With this in mind, he has hired Akhil Shah, also previously of Deloitte, as the club's new Data Scientist. Shah started this month and Young says: “We are really excited to have Akhil in. He could easily walk into a bank in London and hold down six figures (salary).
“We are calling him a Data Scientist, but at least initially he will be more of a generalist and a more accurate description of his role would be full stack developer. He will be doing a lot of the data engineering work, building the cloud infrastructure, before starting to leverage the data to produce more insights.
“If you haven’t done that boring investment part of your data management then you’re not going to do a good job around the more cutting-edge stuff."
There has also been a lot of work - in the club as a whole - on establishing “who we want to be, how we want to play, the players we want to work with”, as this will inform everything that Sunderland do. Young will try to quantify this, helping people in recruitment, performance and coaching to make evidence-based decisions.
There are five "design pillars" he wants the club’s data and analysis work to “align to”, he says.
One is “actionable insights”, which means any piece of data or analysis “has to be something a coach can pick up and do something with.”
“You can do the best analysis in the world, something totally groundbreaking, but if the club can’t pick it up and do something with it, it’s meaningless,” Young explains.
Another is “short feedback loops” - the ability to answer questions quickly. “The longer you take, the less valuable the answer is.”
This is why there has been an initial focus on data storage.
“If data is on the cloud rather than someone’s laptop or hard drive, then you can immediately get access to it, which is a lot more powerful.”
It’s also why Young has introduced the Kairos planning and communication platform - used by teams including Norwich, Stoke and Scotland - to the club.
“We were previously working off PDFs for schedules and as soon as that changed,you had to send a new PDF to a massive group of users,” he says.
“It was an inefficient process, especially when you're trying to get that short feedback loop. Even something as basic as the time of lunch changing - you want the whole club to know about it straight away.
"Extrapolate that out to training, travel arrangements - the ability to do things instantaneously and to keep people up to date in real time is very powerful. That’s why Kairos was a no-brainer for me.

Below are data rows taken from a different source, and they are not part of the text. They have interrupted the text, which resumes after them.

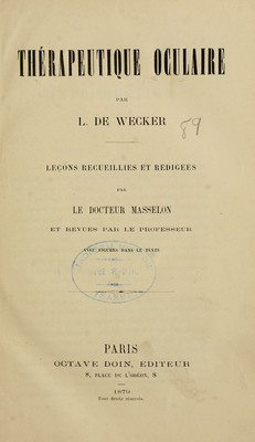 Thérapeutique oculaire / par L. De Weckler ; leçons recueillies et rédigées par Masselon.
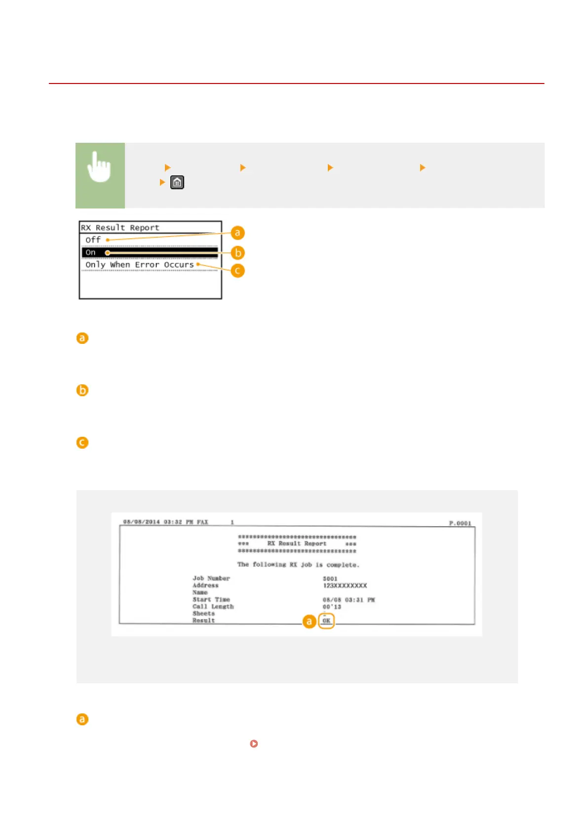 You can check the logs of received fax documents by printing an RX Result Report. The report can be printed either
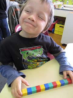 We've been learning about patterns for maths. We made lots of different patterns with different objects.

"Their core product is scheduling, but you are getting tertiary benefits as well. The messaging app is massively powerful. We are using it at all levels, down to the Under-9s, and we can send messages not only to all of the players but to their affiliated guardians as well.
“It’s so useful for saving management and admin effort and freeing up people who would otherwise have to spend hours of the day managing schedules and booking appointments.
“With Kairos you’re minimising that to probably half an hour’s activity a day, which is an incredible win for us.”
As I write this piece, Sunderland are fifth in League One after winning three and losing one of their opening fixtures.
Young says the club are only on “phase 0.5 of our rebuild,” but that “things are moving quickly and it’s exciting to be a part of that.”
“It’s such an interesting project as a whole, with the new ownership, with Kristjaan coming in, with Lee,” he says. “All these things are coming together really nicely now.”
Sunderland fans have suffered too many setbacks in the past to get too carried away now, but at least the current strategy involves more than “putting all their faith in one man”.